* [Your goal]
With the pictures left out, repeat every entry that follows exactly.

Data extracted from a collection
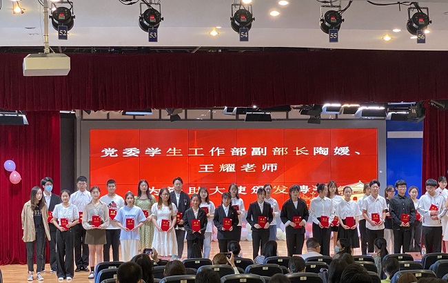 党委学生工作部副部长陶媛为29名“学生资助宣传大使”颁发聘书。“学生资助宣传大使”代表罗培杰作了发言,分享了她的心路历程。陶媛作了讲话,希望同学们不忘初心、牢记使命、勤思敏学。
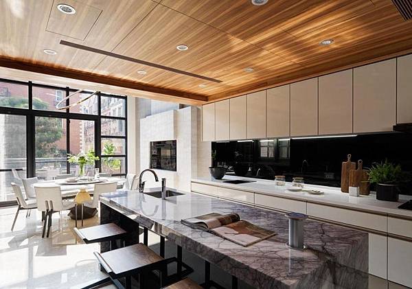 從玄關進來走上右側臺階,是《寄生上流》朴家的開放式餐廚空間,冰箱與酒櫃嵌入於餐廳旁牆面之中,保持動線的暢通,讓家人可以在此用餐聊天;再往室內深處走,則是以中島吧檯為核心的廚房區域,杯盤整齊排列,劇情裡管家都在這為朴社長一家人烹調食物,空間簡潔時尚。
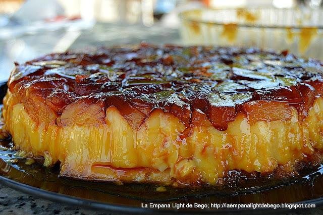 De La empana light de Bego te sugiero una Tarta de flan con piña. Sobre la base del molde, vierte caramelo líquido, añade trozos de piña y el preparado de flan con leche. Cubre con bizcochos toda la base y, tapada con film, deja enfriar en la nevera. Una vez la tarta haya cuajado, saca de la nevera, dale la vuelta y...tarta lista. Fácil y deliciosa.
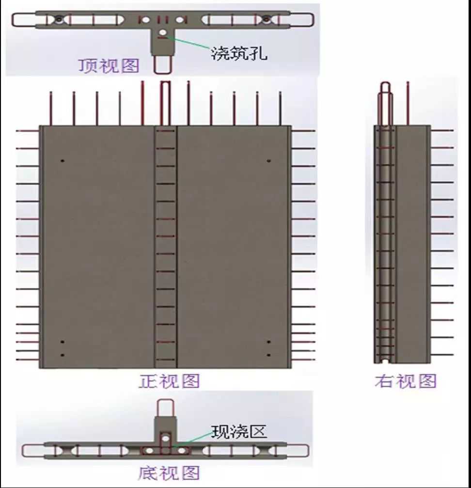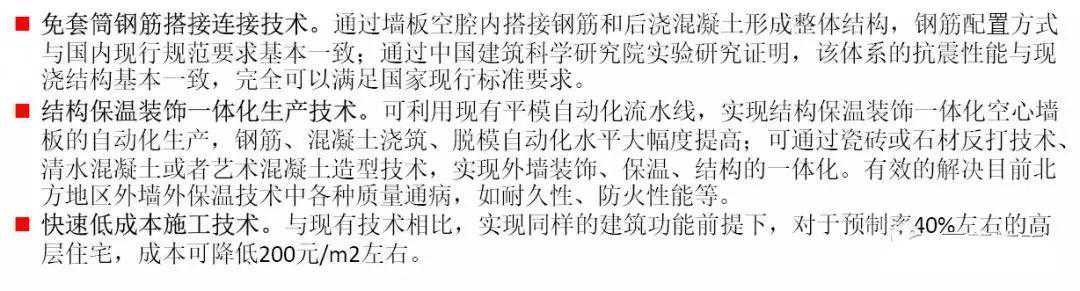 优点:上下层剪力墙现浇连接,内外墙板与内芯整体受力;预制部分代替了部分模板,可全自动化生产。
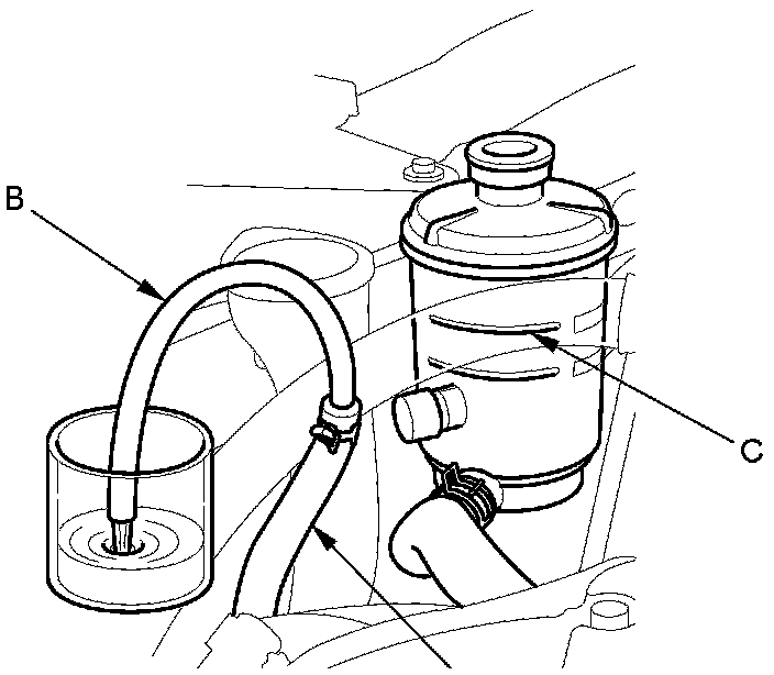 NOTE: Stop the engine immediately once the fluid stops running out of the hose to prevent pump damage.

* [The completed task]
 党委学生工作部副部长陶媛为29名“学生资助宣传大使”颁发聘书。“学生资助宣传大使”代表罗培杰作了发言,分享了她的心路历程。陶媛作了讲话,希望同学们不忘初心、牢记使命、勤思敏学。
 從玄關進來走上右側臺階,是《寄生上流》朴家的開放式餐廚空間,冰箱與酒櫃嵌入於餐廳旁牆面之中,保持動線的暢通,讓家人可以在此用餐聊天;再往室內深處走,則是以中島吧檯為核心的廚房區域,杯盤整齊排列,劇情裡管家都在這為朴社長一家人烹調食物,空間簡潔時尚。
 De La empana light de Bego te sugiero una Tarta de flan con piña. Sobre la base del molde, vierte caramelo líquido, añade trozos de piña y el preparado de flan con leche. Cubre con bizcochos toda la base y, tapada con film, deja enfriar en la nevera. Una vez la tarta haya cuajado, saca de la nevera, dale la vuelta y...tarta lista. Fácil y deliciosa.
 优点:上下层剪力墙现浇连接,内外墙板与内芯整体受力;预制部分代替了部分模板,可全自动化生产。
 NOTE: Stop the engine immediately once the fluid stops running out of the hose to prevent pump damage.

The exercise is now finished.